Cuando se da lo que se debe…
Sabemos que prudencia, justicia, fortaleza y templanza, las cuatro virtudes cardinales, nos ayudan y disponen para una vida feliz. Respecto a la justicia por la que “damos a cada no lo suyo”, y que es la más importante en la vida social, hemos visto ya que tiene numerosas maneras de concretarse, según quién sea el que deba recibir y lo que se le deba dar.
En la última cápsula nos ocupamos de las virtudes por las que damos lo que les corresponde a aquellas personas de quienes hemos recibido grandes dones y ante quienes nos presentamos con cierta desigualdad: Dios, nuestros padres y autoridades y quienes poseen una especial dignidad conferida por un cargo o un valor moral. Estas son: la religión, piedad, observancia y obediencia.
Por lo que respecta a esta virtud, nos faltaría completar lo que hace referencia a lo que se debe: la deuda. Tal deuda puede ser de orden moral y no legal, cuando la exigencia de dar nace de la honestidad de la virtud o, lo que es lo mismo, de la propia conciencia de haber recibido un bien que es justo devolver. Si la deuda se presenta como apremiante o como necesaria para conservar la buena conciencia y el bien común, entonces habrá que practicar las virtudes de gratitud al bienhechor, veracidad o sinceridad y, en el caso de haber recibido un mal, la vindicación. Es claro que con el agradecimiento se recuerdan los servicios y beneficios que otro nos tributó y se tiene la voluntad de remunerárselos. Esta gratitud puede concretarse de maneras muy diversas: un detalle, un pensamiento, una palabra, un regalo, un gesto, etc. Respecto a la realidad, uno debe ser veraz de tal manera que sus palabras y sus gestos “sean conformes a la realidad” y, por lo tanto, se manifieste exteriormente lo que realmente se piensa y no algo distinto. La mentira o la simulación son formas de faltar a la verdad que siempre tiene consecuencias, en uno mismo y en la vida social. En cambio, cuando se dice la verdad respecto de sí mismo y no se exageran, pero tampoco se disminuyen las propias cualidades, entonces se puede hablar de la virtud de la humildad.
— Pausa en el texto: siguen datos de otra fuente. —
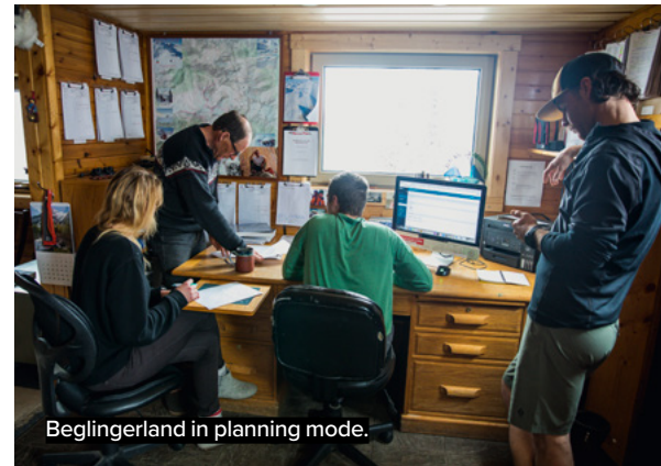
Beglingerland in planning mode.
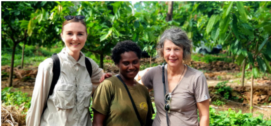
PHOTOS: Local cocoa farmers and international guests at the SolChocFestival also went on an exciting field trip to Blackpost, East Guadalcanal.

also promotes learning opportunities, good agricultural practices, value-added processes, and highlight the importance of cocoa quality for local farmers and buyers.
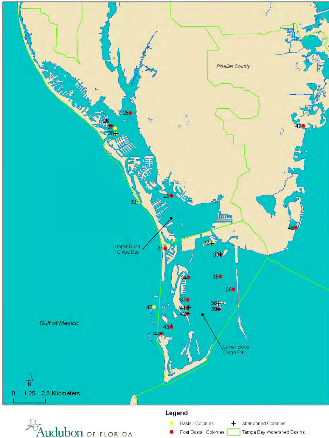
Figure 2. Bird colonies in Boca Ciega Bay, Florida, USA, from 1984-2009.
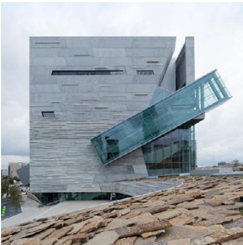
15. Perot Museum of Nature and Science by Morphosis
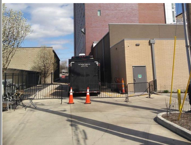
Single bus parked at rear of building, with load in door pictured on the right.
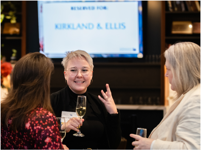
Attendees enjoyed a variety of wines, including a sparkling option to kick off the evening

Agradecimiento, veracidad y humildad responden a un bien recibido. En el caso contrario, al recibir un daño o un mal, lo debido o justo se regula con la vindicación o venganza. Ésta, sin embargo, sólo es lícita, cuando en el castigo debido se busca el bien del culpable y se lleva a cabo además, de manera proporcionada y según la recta razón –lo que implica no dejarse llevar por la rabia.
En último lugar, encontramos situaciones en que la deuda no es tan apremiante, pero sí es indispensable salvarla para conservar la buena convivencia. Respecto al trato entre las personas, éste es correcto sólo cuando es regulado en palabras y obras por la afabilidad o amistad. Esta virtud es, en cierto modo, una necesidad para una sana vida social, porque, como dice Aristóteles: “nadie puede aguantar un solo día de trato con un triste o con una persona desagradable”. Así es como todos sentimos cierta obligación de “ser afable con los que nos rodean, salvo el caso de que sea útil entristecer a alguno” (Suma Teológica, II-IIa, q. 114, a. 2). Esto último es así cuando, por el bien del otro, como al librarle de un mal o al corregirle, no se le pueda dar gusto en algo concreto; mientras que, por el contrario, se le hace un mal, aunque no lo parezca, al adularle, pues no se busca la verdad ni el bien. Cuando la deuda corresponde a bienes exteriores, como riquezas o cosas semejantes, se ejercita la liberalidad o generosidad, que es el recto uso de los bienes, un término medio entre la avaricia y el despilfarro.
Vemos, pues, cuántas “obligaciones” nacerán del interior del hombre virtuoso si de veras quiere ser feliz no sólo él sino también hacer felices a los demás.